El Universal, 28 de agosto de 2012
Los infortunios de Tita, protagonista de la novela Como agua para chocolate, de Laura Esquivel, hunden sus raíces en las estrictas costumbres sociales que la llevarían a renunciar al amor para cumplir con el sagrado deber de cuidar a su madre de por vida.
Sorprende encontrar, a lo largo del libro, diversas imprecaciones contra del Manual de Carreño: “¡Maldita decencia! ¡Maldito manual de Carreño!“. Y en otro sitio: “Con impaciencia esperó a que todos comieran su pastel para poder retirarse. El manual de Carreño le impedía hacerlo antes”….
El hecho de que en la novela, ambientada en el México de la Revolución, se mencione a Carreño como referente de lo que es apropiado, revela el impacto que la obra de este venezolano tuvo más allá de las fronteras.

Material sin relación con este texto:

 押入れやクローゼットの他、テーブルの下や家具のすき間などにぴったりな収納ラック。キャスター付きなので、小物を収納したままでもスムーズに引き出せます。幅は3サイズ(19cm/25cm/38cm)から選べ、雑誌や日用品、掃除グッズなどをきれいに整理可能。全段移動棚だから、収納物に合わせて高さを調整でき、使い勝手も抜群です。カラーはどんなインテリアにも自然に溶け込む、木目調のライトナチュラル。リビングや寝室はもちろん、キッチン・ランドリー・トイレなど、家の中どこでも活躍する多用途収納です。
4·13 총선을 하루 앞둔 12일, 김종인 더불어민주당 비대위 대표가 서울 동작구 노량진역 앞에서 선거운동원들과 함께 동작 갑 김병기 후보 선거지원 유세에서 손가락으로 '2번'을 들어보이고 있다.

Manuel Antonio Carreño nació en Caracas en 1812, y fue el padre de la conocida pianista Teresa Carreño. Se desempeñó como diplomático, Ministro de Hacienda y Ministro de Relaciones Exteriores. Destacó también por su labor pedagógica, sobre todo en el ámbito de la música. Como curiosidad, cabe destacar que era sobrino de don Simón Rodríguez, el ilustre filósofo y educador, que en realidad se llamaba Simón Narciso Carreño Rodríguez.
El Manual fue publicado, por entregas, en 1853, y el Congreso Nacional recomendaría su lectura en 1955. Su divulgación le ha valido a Carreño ser considerado como el precursor de la etiqueta en América Latina.

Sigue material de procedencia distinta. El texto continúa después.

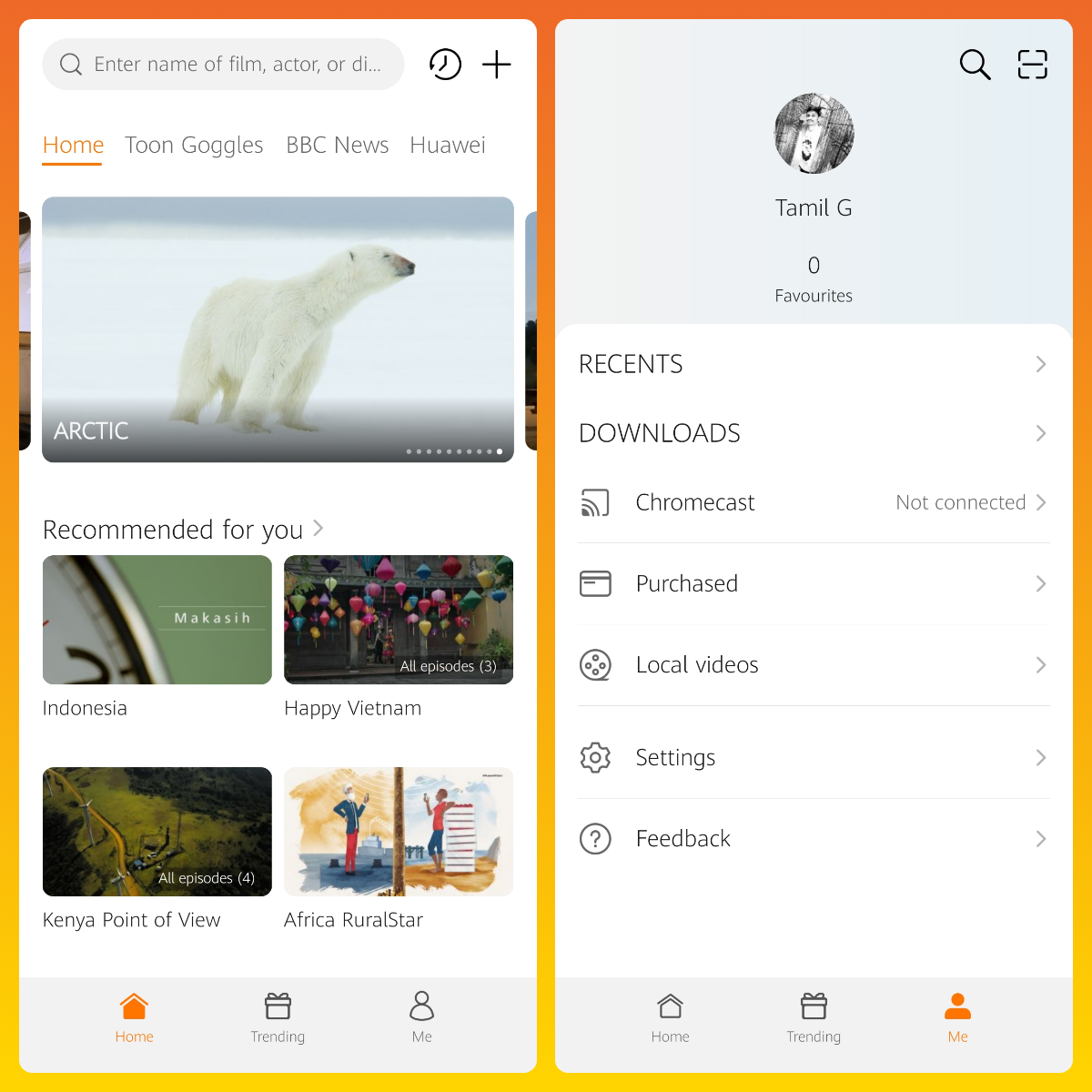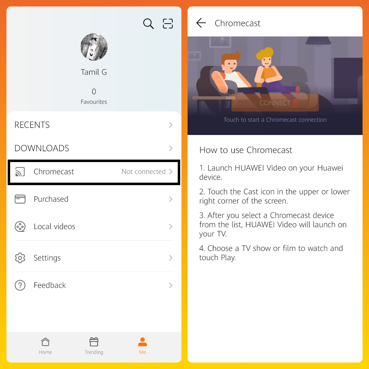 + Open HUAWEI Video App > Me > Chromecast
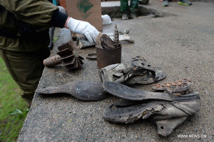 Russian team members demonstrate belongings of WWII Soviet Union soldiers on the Huoshao Mountain in Muling City, northeast China's Heilongjiang Province, May 12, 2015. A one-month-long China-Russia search began Tuesday to locate the remains of Soviet Union soldiers who died in China fighting Japanese invaders in 1945. A 17-member Russian team, along with a group of Chinese archaeologists, are involved in the dig. (Xinhua/Wang Kai)
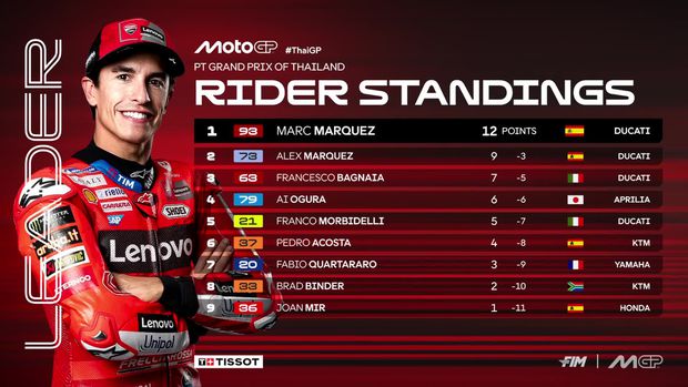 Back in the lead of the Championship standings 📈@marcmarquez93 #ThaiGP 🇹🇭 pic.twitter.com/xDmhZutfOJ
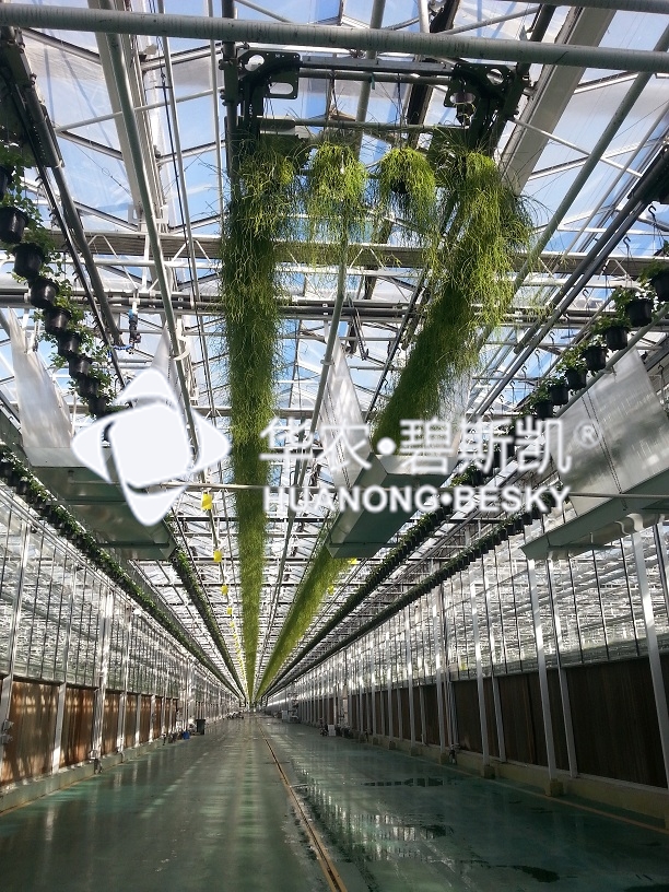 在天津滨海国际花卉科技园区安装使用的荷兰METAZET悬挂链系统。花盆悬挂在上面,自动循环旋转及浇水,给人以美的享受。
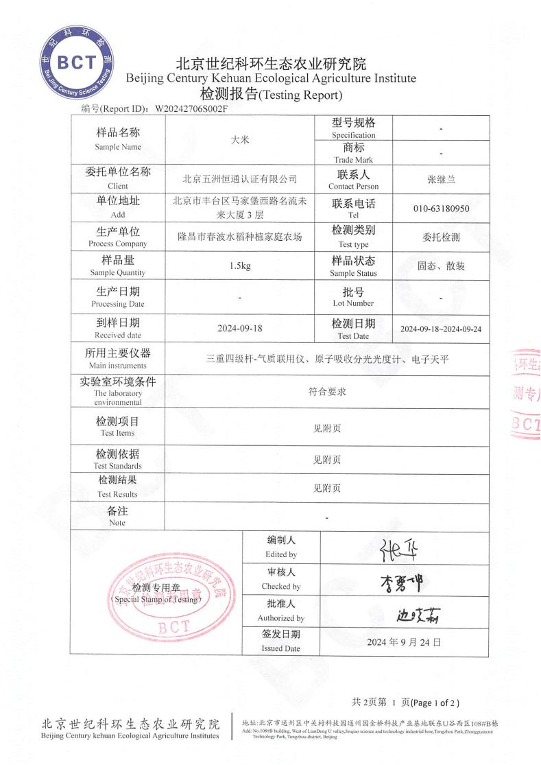 大米检测报告

La vigencia del Manual de urbanidad y buenas maneras es indiscutible. Si bien algunas de las prácticas que recomienda pudieran resultar anacrónicas, la tolerancia y la cortesía siguen siendo estrictamente necesarias de cara a la convivencia.
Normas que pudieran parecer gratuitas responden a veces a la conveniencia de exteriorizar algunos estados de ánimo. La costumbre de no cruzar las piernas en la iglesia, por ejemplo, pretende denotar la actitud formal y atenta del feligrés, por contraste con una postura cómoda y relajada. Se trata de un asunto netamente convencional. En otros casos, la observancia de dichas pautas podría comunicar que se ha recibido una buena educación y que se está al tanto de lo que dicta la etiqueta para cada circunstancia.
Es difícil encontrar un punto de equilibrio entre la espontaneidad y el protocolo. Se valora la autenticidad, la posibilidad de actuar en coherencia con los propios sentimientos y deseos, básicamente porque ha costado mucho que estos pudieran abrirse camino entre prejuicios y convenciones sociales. Pero a veces se produce un conflicto entre lo que se quiere hacer y los efectos que esas acciones pudieran tener sobre otras personas.
Se trata, simplemente, de no incomodar a los demás. Comportamientos que perturban en algún sentido la tranquilidad de otros constituyen una falta de respeto flagrante hacia sus derechos, del mismo modo que dar rienda suelta a la ira u otras emociones es un síntoma inequívoco de poco autocontrol. Nadie tiene por qué sufrir los desmanes de quienes no saben contenerse: las personas que no pueden convivir con otros se llaman “sociópatas”, y con frecuencia están recluidas en cárceles o sanatorios.
Precisamente en estos días se discutía en el seno de cierta multinacional el concepto de empleado estrella, señalándose cuán poco se adelantaba al contratar a una persona muy productiva en el desempeño ciertas tareas si, por otra parte, no era capaz de mantener unas saludables y respetuosas relaciones con sus compañeros de trabajo, creando unas tensiones que repercutirían desfavorablemente en el llamado clima laboral.
La educación para la convivencia resulta una tarea prioritaria dentro y fuera del aula, que, en opinión de Cruz Pérez Pérez, debería acometerse a través del proyecto educativo, el clima de participación democrática en el centro de estudios, las asambleas de aula y el aprendizaje de normas. Resulta impostergable estimular estos aprendizajes, de naturaleza actitudinal, en favor de una interrelación más gratificante para todos. Todo ello sin permitir que nos suceda lo que a Tita.